I have started reading a book of the Oxford University Press VSI series on Emotion. Like many other people, the author, Dylan Evans, thinks that emotions make us more rational where I take “more rational” to mean “more able to achieve whatever goal we want”. I have seen similar views somewhere else, perhaps by Blackmore or Hofstadter, so I thought I would provide my own views.

I disagree with the idea that emotions make you more rational. I have seen many examples of how emotions can make you more able to achieve your goals. But they all assume one thing: that being able to recognise emotions in other people is only possible if you have emotions. I think that’s nonsense. It is true indeed that if, colloquially speaking, you are not fluent in the lingua franca par excellence, you are missing out. But all you need is the ability to recognise or infer emotions in other people not experiencing them yourself.

I agree with the idea that emotions make you more irrational. Yes, I think that emotions make you more irrational. Emotions are essentially, relatively arbitrary biological reactions/changes that result in a change in your priorities or/and behaviour. The problem with this is that, while emotions can be partially controlled with some training, they cannot be fully controlled, thus making your behaviour partially subject to arbitrary non-predictable processes. How can you gear your behaviour towards a goal when a portion of your behaviour is affected by processes you cannot control? You might be able to do it, but in the absence of external obstacles, you cannot ascertain the amount of effort that will take you to achieve your goal because you might come across a stimuli that triggers an emotion that conflicts with your goal-reaching behaviour. Compare the performance of that agent with the performance of an agent that is fully in control of his internal biology (i.e. no emotions). Unlike our emotional agent, in the absence of external obstacles, the emotionless agent can execute the behaviour needed to achieve a goal without worrying if his emotional state will conflict with his goal-reaching behaviour. If the emotionless agent can recognise emotions, no emotional agent could have the upper hand merely due to having emotions. If anything, the emotionless agent is more efficient rationally-speaking because he will achieve his goal in the presence or absence of emotional stimuli while an emotional agent might struggle/stop himself from achieving his goal because some emotional stimuli triggered certain emotional reactions on him.
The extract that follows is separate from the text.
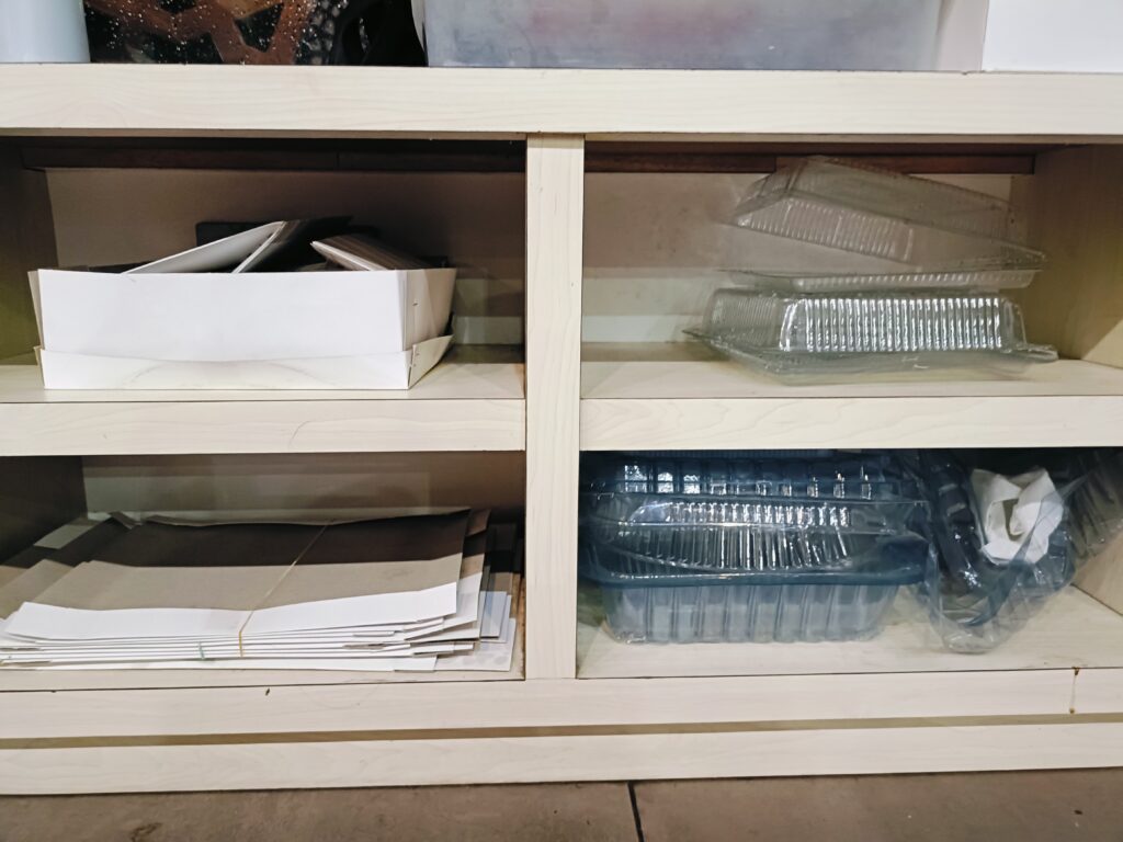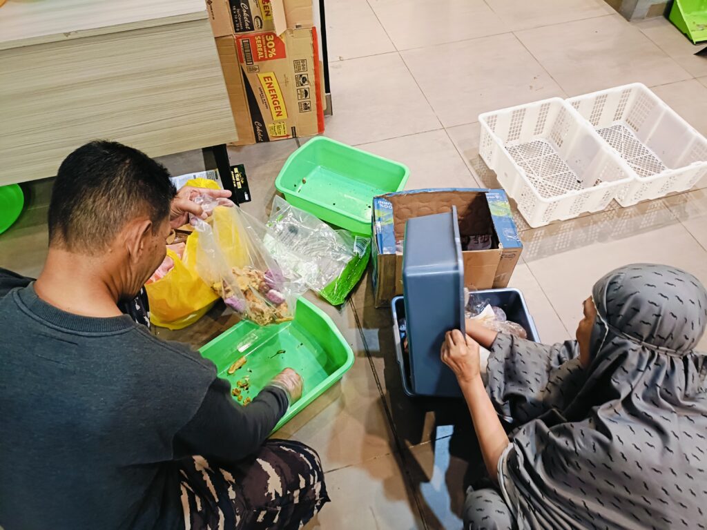 Dus kue atau plastik mika dilipat kembali, dan menjadi aset untuk guna pakai dalam mengemas makanan kembali.

  • An emotionally-moving visual stimuli such as a gory/comedy movie could stop an emotional agent from carrying out an action such as reading a book but it would not stop an emotionless agent in doing so.
  • An emotional agent might experience emotions that result in a change of his behaviour in a way that he gets away from his goal. So a student feeling boredom might not study for an exam, while an emotionless student would be able to study.
  • An emotional agent would harm himself (see junk food, lack of exercise and drugs) even it was against his interests, while an emotionless agent would not do so.

But emotionless agents are not only better when it comes to negative emotions, they also have the upper hand in positive emotions.

  • A relationship between two humans that we might term “loving” could have an equivalent without the arbitrariness of emotion. Care, responsibility and goal-reaching support are easily feasible without arbitrary biological processes in their bodies. In the absence of any other factor, an emotionless agent would remain in the relationship while an emotional agent could get his libido running high when he comes across an opportunity to mate with another individual and end up ruining his relationship by cheating.
  • An emotionless agent would have no qualms about breaking the relationship if his partner tried to harm him. An emotional agent would be open to the possibility of staying within the abusive relationship if he was experiencing the appropriate emotions.

I don’t see how emotions could improve the goal-reaching behaviour performance of a rational agent compared to that of an emotional agent. I have seen the evolutionary argument thrown around, but all we know is that emotions most likely emerged before humans so any possible advantage of it is not necessarily related specifically to the fulfilment of humans.

However, it is the case that humans have a wider range of emotions compared to other animals, how do we explain that? Perhaps, the wider range of emotions did not worsen the goal-reaching behaviour of humans so it was not something that made humans less fit, hence it stuck around. Perhaps, emotions were effective because they enhanced the expressiveness of body language. How would an emotionless agent that understood emotions fare against this? Well, surely if our emotionless agent understood emotions, we could use them to enhance the expressiveness of his body language as well. Voice intonation, facial expressions, these are things that could be learnable by an emotionless agent. So there is no need of the actual biological process.

I am not disputing the idea that experiencing emotions must have been useful for humans and non-human animals at some point in the past, I am just mentioning that, compared with an emotionless agent with the same intellectual capabilities, the emotional agent performs worse when it comes to goal-reaching behaviour performance.